Related Party Transactions
Related Party Transactions
RELATED PARTY TRANSACTIONS
Union Square Hospitality Group
Union Square Hospitality Group, LLC and its subsidiaries ("USHG") is considered a related party under common control, to which we paid management fees, health costs and amounts advanced for other general operating expenses during the period. The amounts are temporary and non-interest bearing in nature.
Under the terms of the management agreement with USHG, as amended, in fiscal 2014, we paid a 2.5% management fee to USHG based on Shack sales and licensing income generated from license agreements with unaffiliated entities. Total management fees, which are included in general and administrative expenses, amounted to $592 for the thirteen weeks ended March 26, 2014. Effective January 1, 2015, the management agreement was amended and restated. As a result, we are no longer obligated to pay management fees to USHG. Therefore, no management fees were paid to USHG for the thirteen weeks ended April 1, 2015.
Previously, we sub-leased office space from USHG on a month-to-month basis.
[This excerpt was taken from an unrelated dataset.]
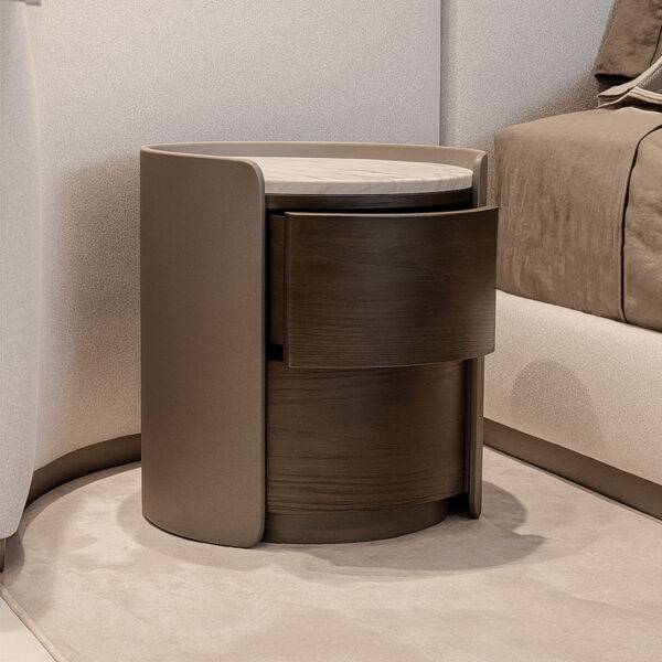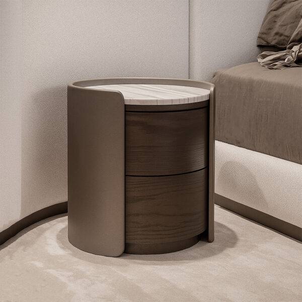 Velador Gemini con formas inspiradas en las curvas de la naturaleza, añaden un toque de elegancia y exclusividad a tu dormitorio. Personaliza su superficie con materiales como dekton, porcelanato italiano o cuarcita.

Amounts paid to USHG as rent totaled $42 for the thirteen weeks ended March 26, 2014. This amount is included in general and administrative expense on the Condensed Consolidated Statements of Income (Loss).
Previously, our employees were included in USHG's self-insurance health plan and we paid our portion of the plan costs on a monthly basis to USHG. In February 2015, we established our own self-funded health insurance plan for our employees and ceased payments to USHG. Amounts paid to the USHG for these health insurance costs were $151 and $313 for the thirteen weeks ended April 1, 2015 and March 26, 2014, respectively. These amounts are included in labor and related expenses and general and administrative expenses on the Condensed Consolidated Statements of Income (Loss). Additionally, our employees are eligible participants under USHG's 401(k) plan. We pay our share of the employer's matching contributions directly to the third-party plan trustee.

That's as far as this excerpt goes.